- Theatrical release poster
- Directed by: Editha Z. Caduaya
- Written by: Editha Z. Caduaya
- Story by: Hansel M. Marantan
- Starring: Hansel M. Marantan; Stefanio Rabino;
- Cinematography: Willie Apa Jr.
- Edited by: Willie Apa Jr.
- Music by: Jerry M. Anga
- Production companies: Pop Moviehouse; Newsline Philippines;
- Distributed by: Solar Pictures
- Release date: August 13, 2025;
- Running time: 112 minutes
- Country: Philippines
- Language: Filipino

= Sa Likod ng Tsapa =

2025 Philippine documentary film

Sa Likod ng Tsapa (The Story of Col. Hansel M. Marantan) (lit. 'Beneath the Badge') is a 2025 Philippine action documentary drama film directed and written by Editha Z. Caduaya under Pop Moviehouse and Newsline Philippines and starring Hansel M. Marantan and Stefanio Rabino.

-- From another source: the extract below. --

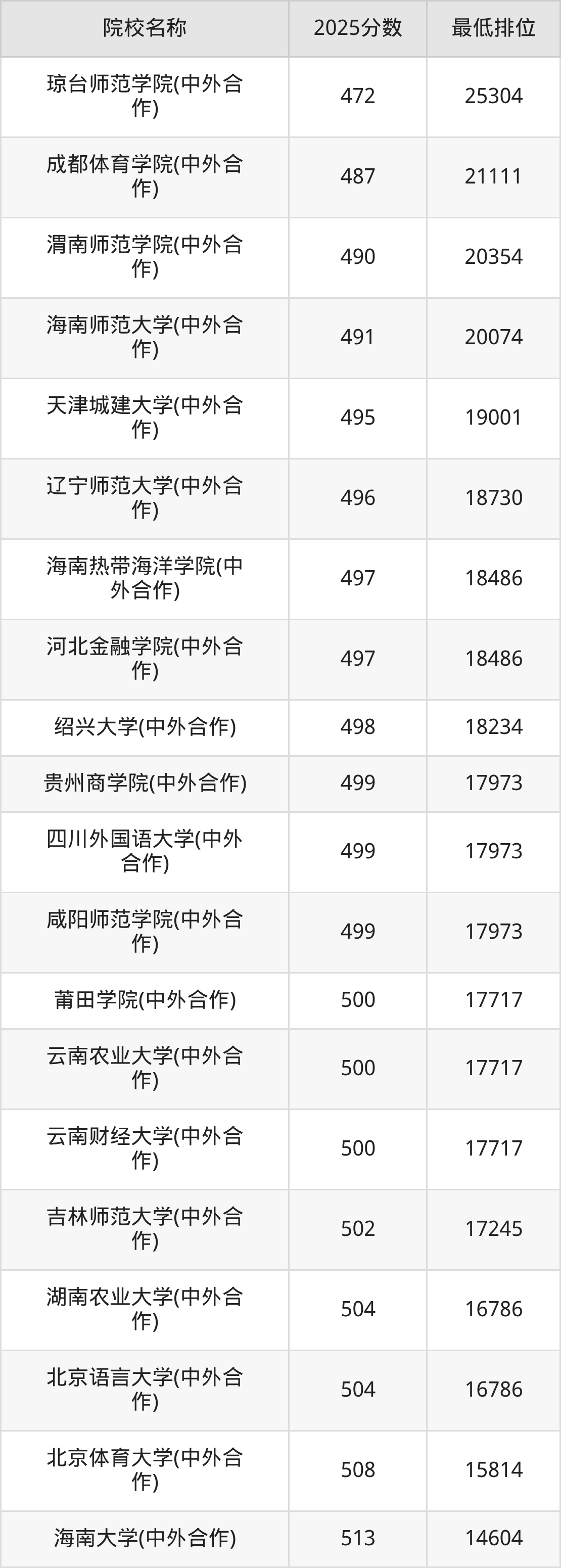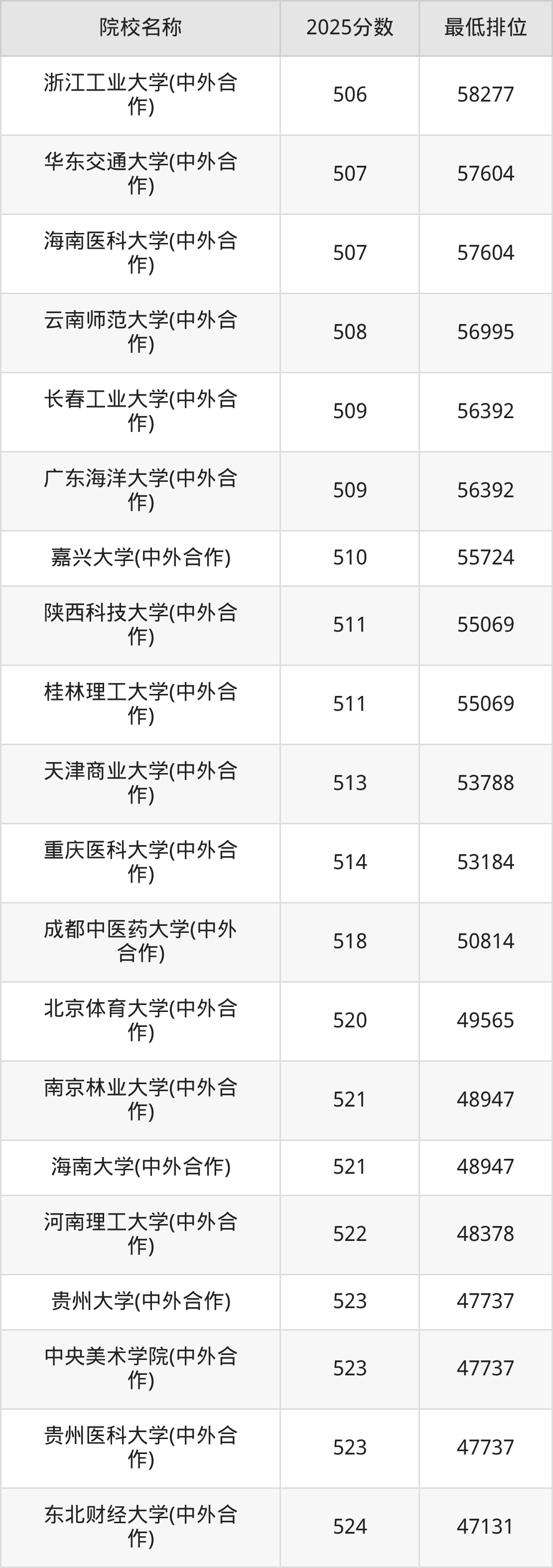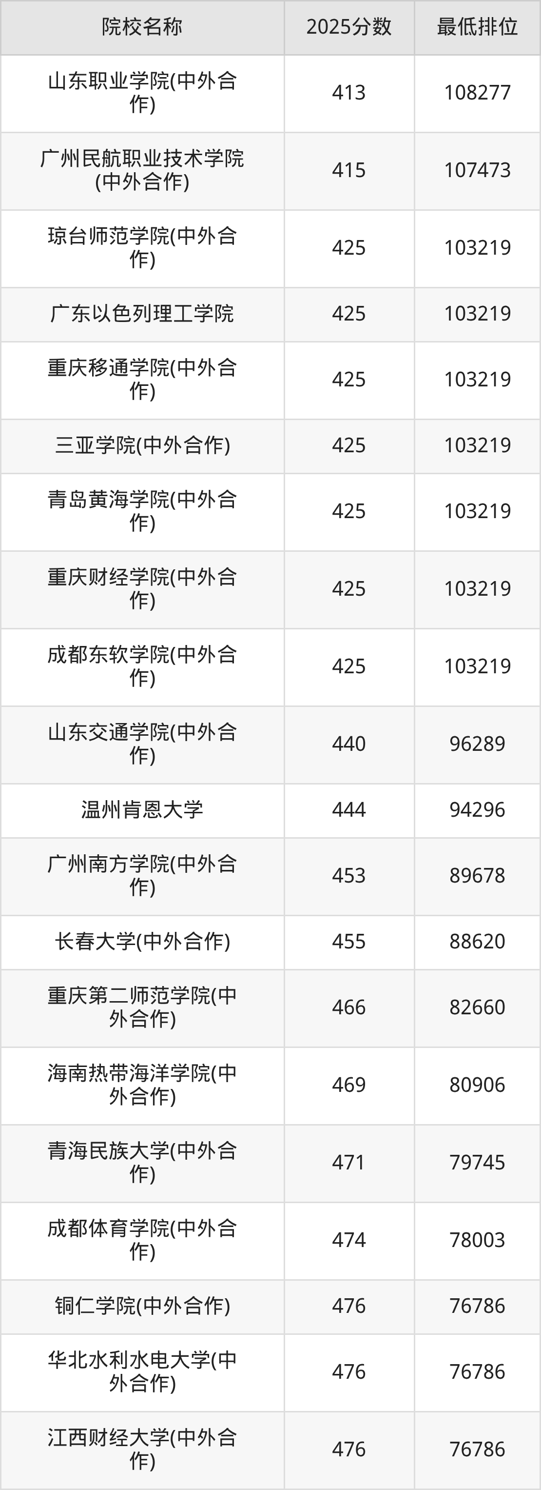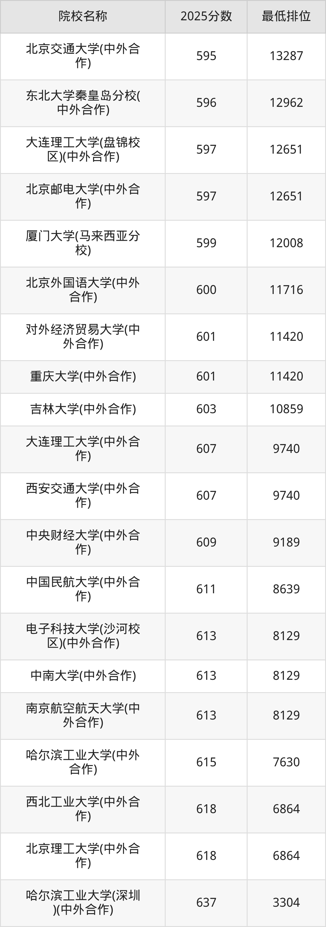 2025年在重庆高考共计223所中外合作办学院校招生,市外高校有198所、市内高校有28所,包含重庆大学、重庆邮电大学、重庆交通大学等。再看重庆中外合作办学大学2025年录取分数线,物理类最低分区间是180至651分,历史类最低分区间是180至603分,2026届有意报考的同学请参考!

The film tackles the career of Marantan who is a personnel of the Philippine National Police since 1999.

Released on August 13, 2025, the film is the first Davao-based production to secure nationwide theatrical release through Solar Pictures.

==Cast==
- Hansel Marantan as himself; A police colonel in the Philippine National Police (PNP). Marantan considers his work on the documentary film as an "act of forgiveness" to his enemies. Marantan preferred Bong Revilla to play him in a film.
- Stefanio Rabino as Young Hansel Marantan; A PNP officer himself with the rank of lieutenant colonel, Rabino considers Marantan as his idol.
- Nicolas Torre as himself; the PNP chief at the time of the film's release who had worked with Marantan before.

==Production==
Editha Caduaya, a veteran journalist, served as the director, writer, and a producer for Sa Likod ng Tsapa as part of a documentary film project for Davao City-based Newsline Philippines and Pop Moviehouse.

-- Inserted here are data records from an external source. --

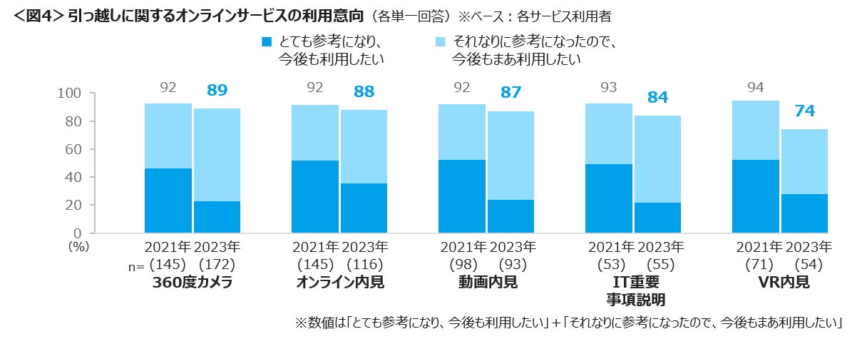 引っ越しに関わるオンラインサービスの利用率は33%。利用率が高いオンラインサービスは「360度カメラ」「オンライン内見」「動画内見」など。2021年と比べ、利用率や利用したサービスに大きな変わりはない。<図2,3>
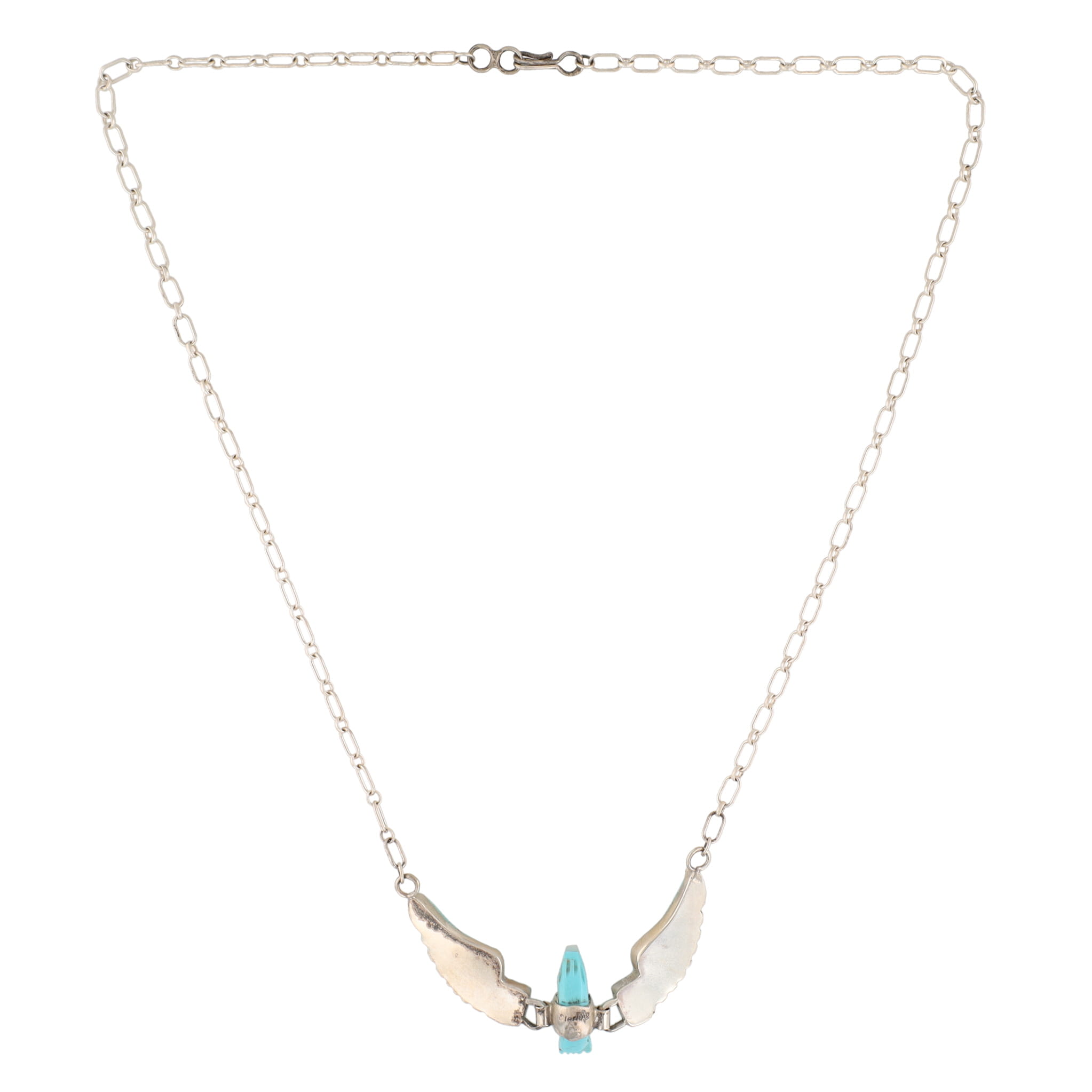 Signed AB Navajo Carved Turquoise Sterling Eagle Necklace 12g
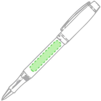 Roller de capucha de Antonio Miró en elegante diseño bicolor y suave cuerpo metálico en sobrio color negro. Con logotipo de la marca bajo la anilla, clip y punta en acabado plateado brillante. Presentado en estuche individual en color negro con logotipo de la marca. En tinta azul.
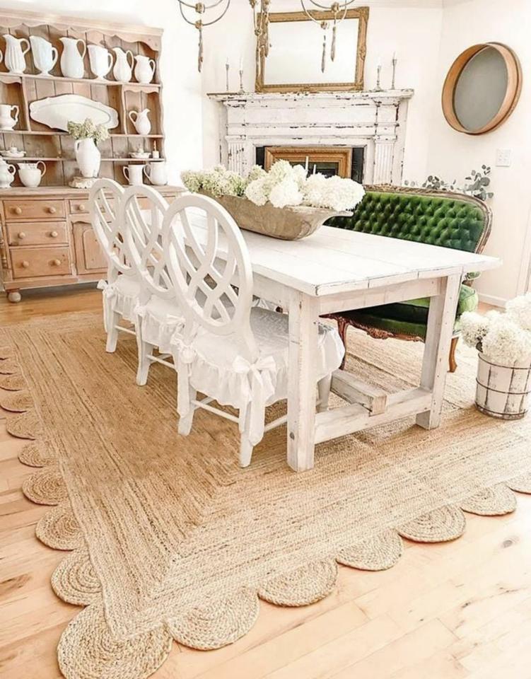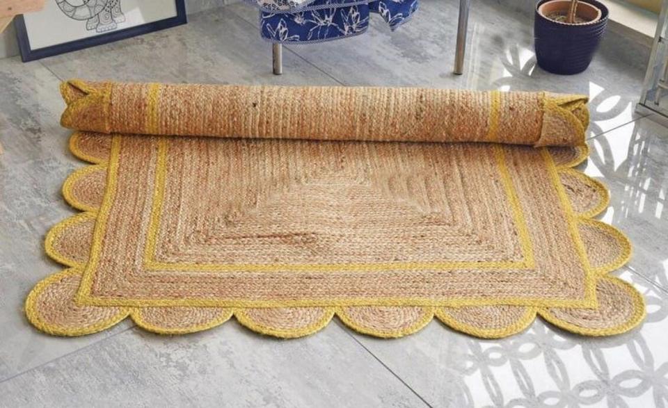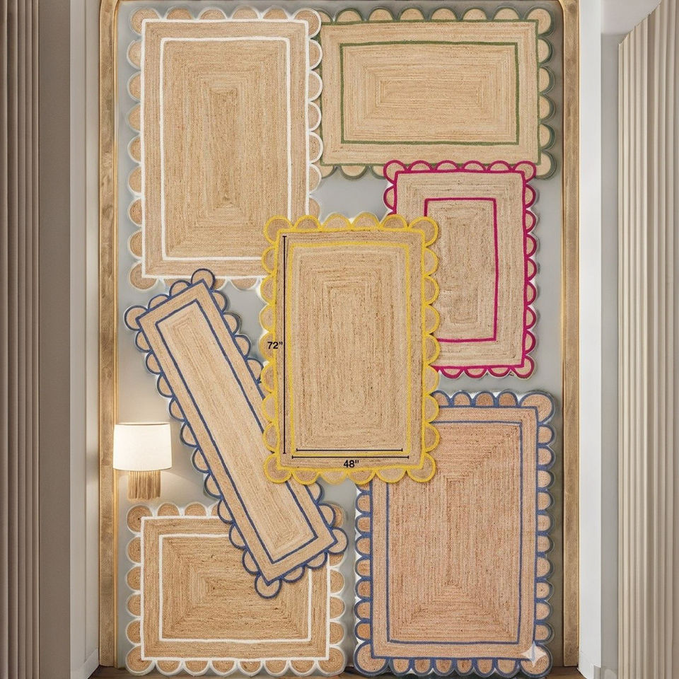Scalloped Edge Handmade Jute Area Rug Multi Color Borders Eco-Friendly Low Pile Boho Farmhouse Carpet Medium Thickness Spot

Sa Likod ng Tsapa was about Hansel Marantan, an Ilocano police colonel who works for the Philippine National Police who had various assignments in Luzon and Mindanao. He was directly involved in the production as an interviewee. The film covered operations Marantan was involved in as a police officer from 1999 including the 2008 Parañaque shootout, 2013 Atimonan shootout where Marantan himself was accused of a crime he was acquitted of in 2025, the 2024 service of search warrants concerning alleged mastermind of the Pamplona massacre Arnie Teves, and the 2024 arrest of Apollo Quiboloy.

Caduaya disclosed that 16 hours worth of interview footage was recorded for the film. Marantan remarked that filming had to pause several times due to him recalling events in his career becoming too emotional at times.

Marantan positioned the film as a platform to show the "human side" of the law enforcers, lamenting how their actions are "politicized". In the 2008 shootout for example, he recalled how the policed involved were charged for collateral damage an act which discourages young police offers.

==Release==
Sa Likod ng Tsapa was released in cinemas in the Philippines on August 13, 2025, under the distribution of Solar Pictures.

Parts of the proceeds went to the women and children's desk of the Davao City Police Office as well as disability advocacy organizations.

Release of the film overseas is also planned.